Assembly translation sharing

xen2 commented 12 years ago

I wanted JSIL to be able to reuse translation results of common assemblies. (maybe there is already a way I didn't notice?)

Here is my current workflow/changes, please let me know if it seems good to you (in which case I could build a patch):

Make assembly ID unique (maybe reduced hash with 4 or 8 bytes so string is still not too long), so that $asm01 becomes $asmASSEMBLYHASH. As a result, it will never change between compilations or depending on actual dependencies.
Always output manifest-like definition at the top of every file (self is JSIL.DeclareAssembly as before, but new stuff would be a bunch of JSIL.GetAssembly for every referenced assembly).
Modified a little bit AssemblyTranslator to be able to translate multiple assemblies at once.
Add shared files through TranslationResult.AddFile so they go into manifest (still need to improve this step for automatic generation through given assembly with dependencies).

Any thoughts?

kg commented 12 years ago

I've done some thinking along these lines but haven't done any hacking.

I think assembly IDs would go away entirely since they aren't useful; you would probably just rely on the assembly collection sort of thing and each individual .js file would have a collection of assembly references at the top with file-local 'IDs' instead of the global IDs used now. That way you wouldn't have to worry about collisions or hashing and they could remain compact. Having them remain constant across compilations is nice to have, but I'm not sure you can actually guarantee it without collisions.
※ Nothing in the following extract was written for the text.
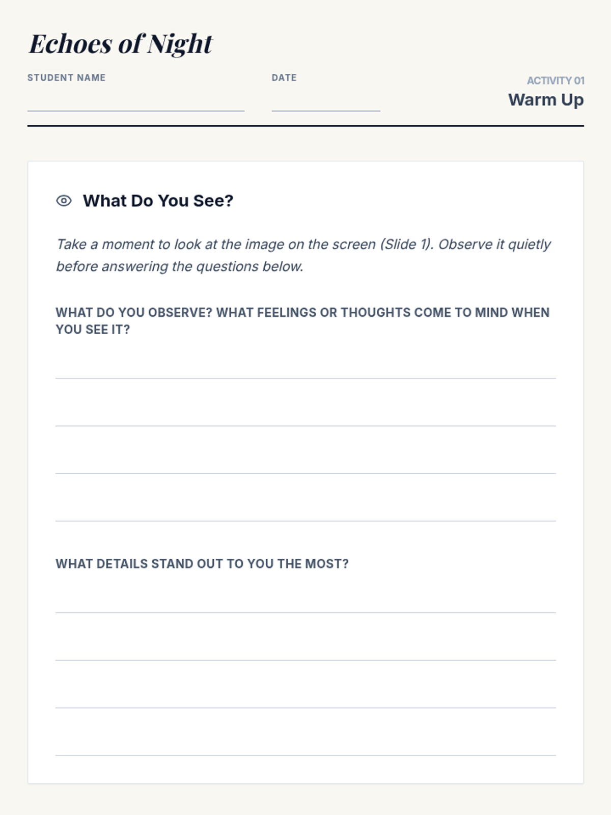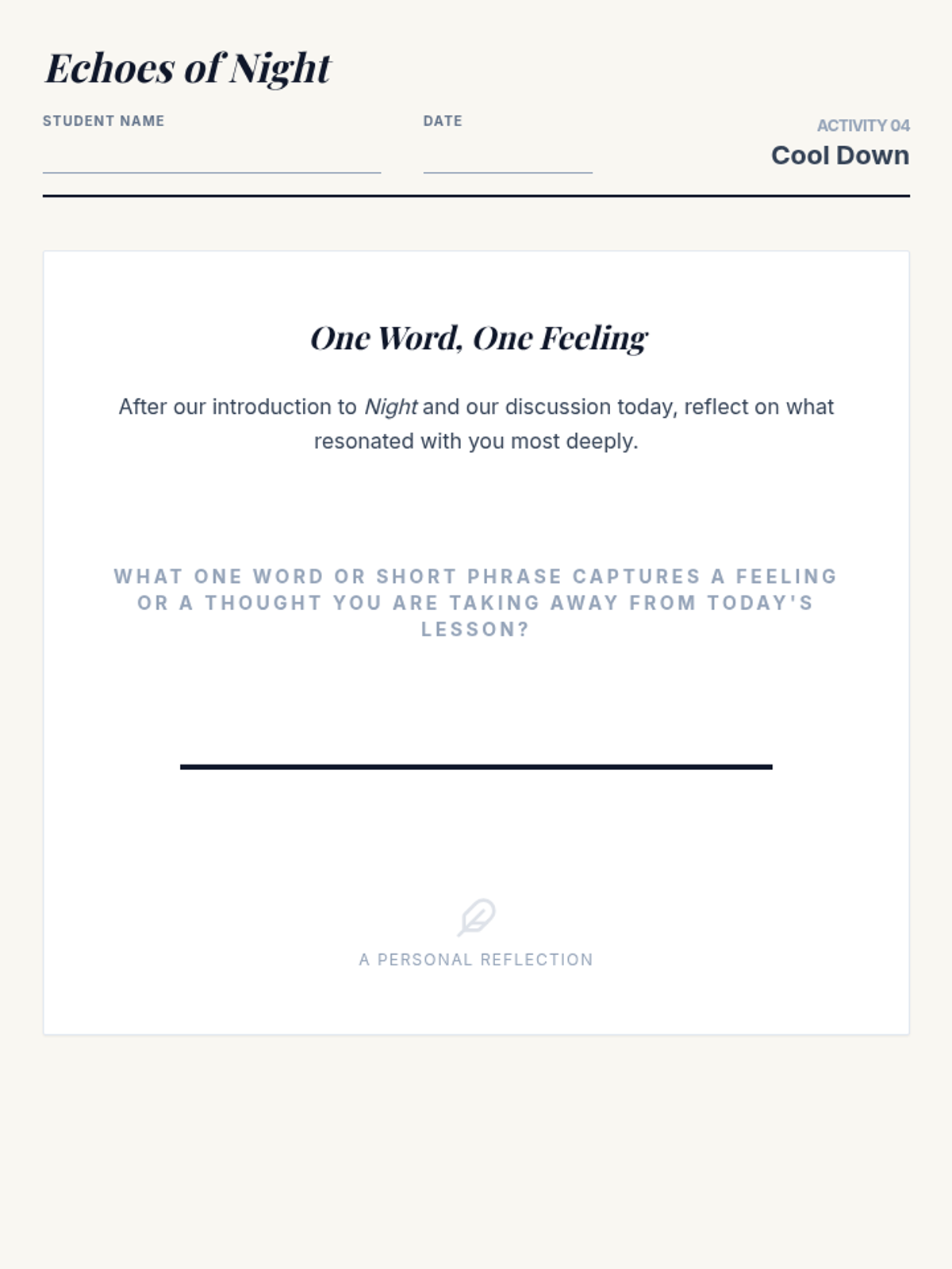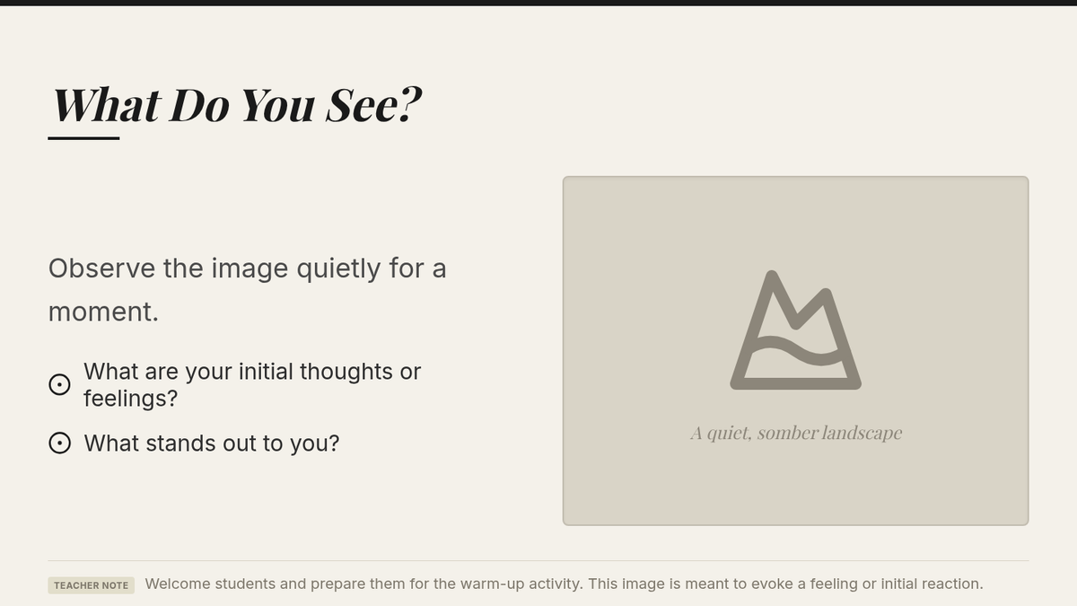 A 30-minute introductory lesson for 8th-grade students exploring Elie Wiesel's 'Night,' focusing on the themes of memory, testimony, and the historical context of the Holocaust.

I think translating multiple assemblies at once is kind of a poor choice. What makes you believe that is necessary? The way things are factored right now makes this kind of reuse awkward, but it shouldn't require making AssemblyTranslator aware of multiple assemblies.
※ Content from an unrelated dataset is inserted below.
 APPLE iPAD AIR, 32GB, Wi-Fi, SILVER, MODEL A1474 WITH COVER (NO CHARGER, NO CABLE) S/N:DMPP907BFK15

I think what is wanted here is a better concept of the manifest and the translation result, so that the 'manifest' is more like a list of references in .NET compiler terms, and then the translation result is one or more output .js files (from the input assembly), along with information on the .js files' dependencies (other assemblies they refer to, content embedded in the source assembly, etc). In that model, the manifest would be produced by JSILc, and each assembly translated would produce a translation result. The manifest bundles together all the individual translation results into one complete whole and is used to load an output application (sort of like now, but with less blurry boundaries).

On the other hand: what are the benefits you think would be provided by reuse of translated assemblies? So far, the only thing I can think of is saving time - it would let you shave a chunk of time off of each run of JSILc, especially if you're talking about translating the entire mono mscorlib. Are there other benefits I'm overlooking?
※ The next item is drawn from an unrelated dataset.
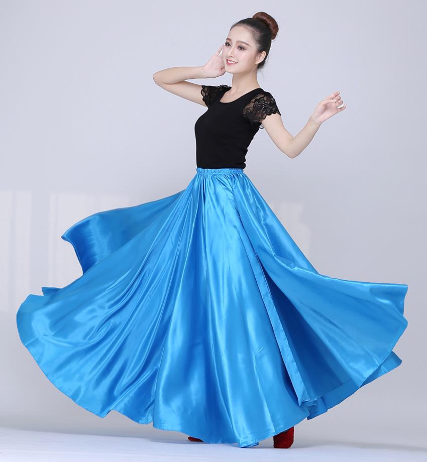 Sukňa na brušný tanec Jednofarebná Cigánska Ženy Dievča Španielska Flamenco Sukňa Saténová Šaty s veľkou sukňou Dospelí Deti Javisko 360-stupňová

One major obstacle to any reuse scenario is that you need a way to enforce that the type information graph matches between the compilations. If the type information graph is out of sync (due to JSILc changes or changes to the involved assemblies), even if the various IDs haven't changed, the code generated will be incorrect and its behavior will be wrong. At present the amount of information contained within the type info graph is pretty significant. You could work around this by trying to make type information construction fully deterministic, but this would at a minimum require throwing out some of the parallelism support, and there are also some problems where underlying machinery (Cecil, CLR reflection) is not deterministic either.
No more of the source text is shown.